Quaternary geology and structural history of the Snake River Plain, Idaho and Oregon
The Snake River Plain is a major late Cenozoic tectonic feature in the North American crust. The plain consists of distinctive western and eastern parts, which differ in structural trend and geology: a northwest-trending sedimentary basin in the west, and a northeast-trending volcanic plain in the east (Fig. 1). Structurally, the western Snake River Plain separates the Cretaceous Idaho batholith of west-central Idaho from outliers of the batholith in southwestern Idaho, and the eastern Snake River Plain interrupts the continuity of mountain ranges and valleys of the Basin and Range Province. The Snake River Plain is entirely covered by Cenozoic volcanic and sedimentary deposits, of which the exposed material is largely of Quaternary age.
The Snake River Plain is an area of subdued, locally almost featureless, relief surrounded by mountains and highlands. The plain is as much as 70 km wide in the western part, 90 to 100 km wide in the eastern part, and about 600 km long. Its surface rises with a gradually increasing gradient from altitudes of less than 700 m at the western end to about 2,000 m at the eastern end.

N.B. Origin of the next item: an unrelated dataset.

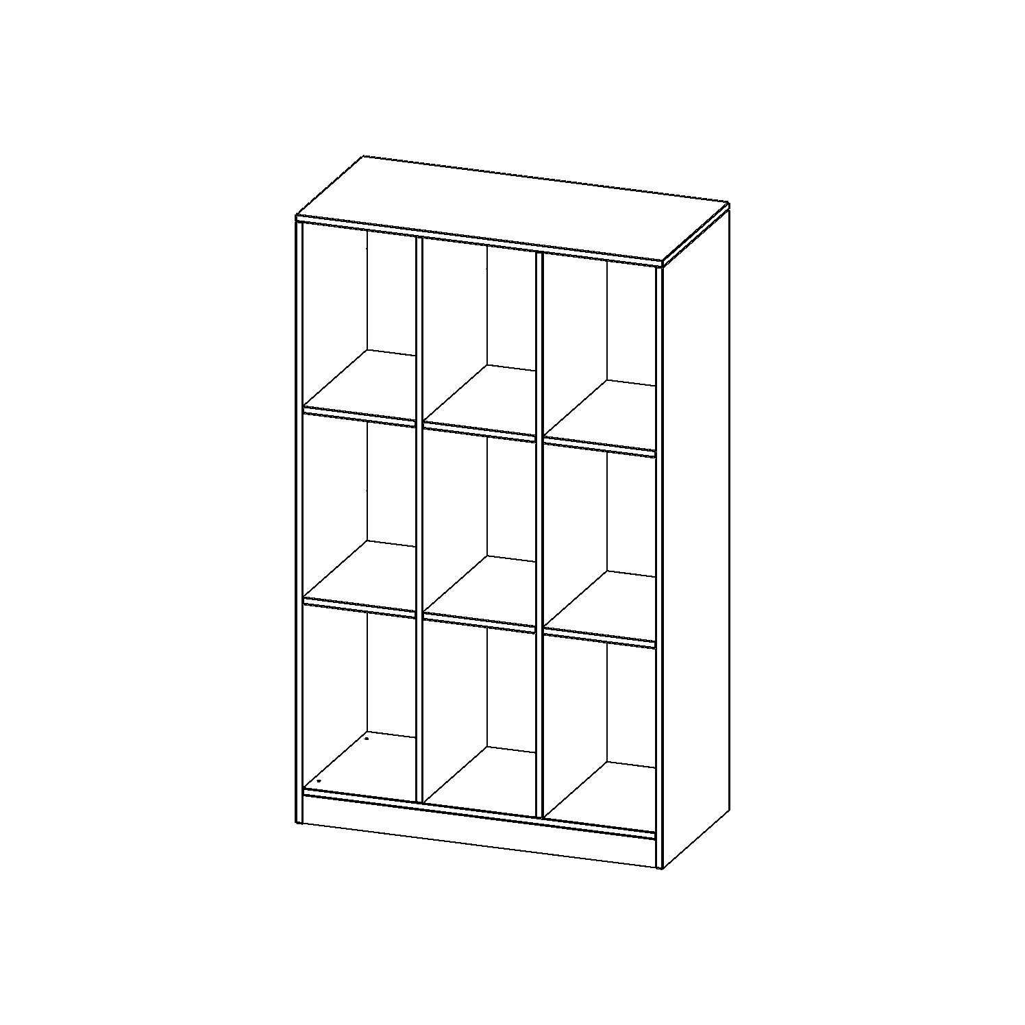 B/H/T: 104,5x172x50 cm, 9 hohe Fächer, mit Sockel (81 mm)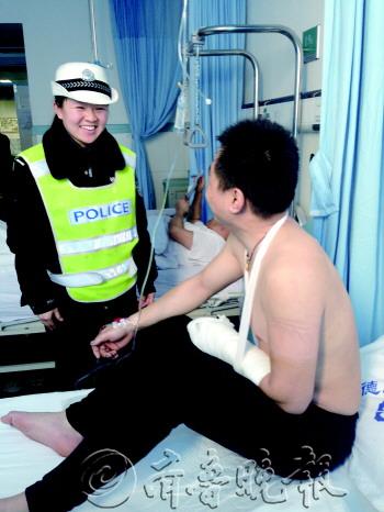 本报3月7日讯(记者 牟张涛 通讯员 杨红省) 被面条机挤了手,多根手指受伤,鲜血直流。在打车无望时,跑到警车面前求助。女交警开警车开辟救援通道,将其及时送到医院。 3月7日10时左右,交警支队直属一大队女民警梁军像往常一样在地毯厂路口执勤,一男一女从远处向她快速奔来,两人神情紧张,该男子说工作的时候他被面条机挤了手,需要抓紧赶往医院做手术。 说话期间男子的手不停地滴血,梁军一见情况紧急,抓紧让两人上自己执勤开的巡逻警车,开启车辆,打开警灯、警报,快速向人民医院驶去,梁军一边呼救其他车辆让行,一边用对讲机联系下一个途径的路口,呼喊民警快速疏导车辆。 16时许,记者在人民医院见到受伤男子叶长青,“当时打不上车,我看到远处有个警车,就想过去说好话帮忙搭下车,没想到警车直接开道给送到医院。”叶长青说。

The geology of substantial parts of the Snake River Plain has been studied in moderate detail, a chronologic framework based on radiometric ages of the volcanic rocks is fairly well established, and considerable geophysical data pertinent to the crustal structure has been gathered?including seismic profiles, gravity and aeromagnetic surveys, magnetotelluric and resistivity soundings, and measurements of thermal gradients and heat flow. Furthermore, the subsurface.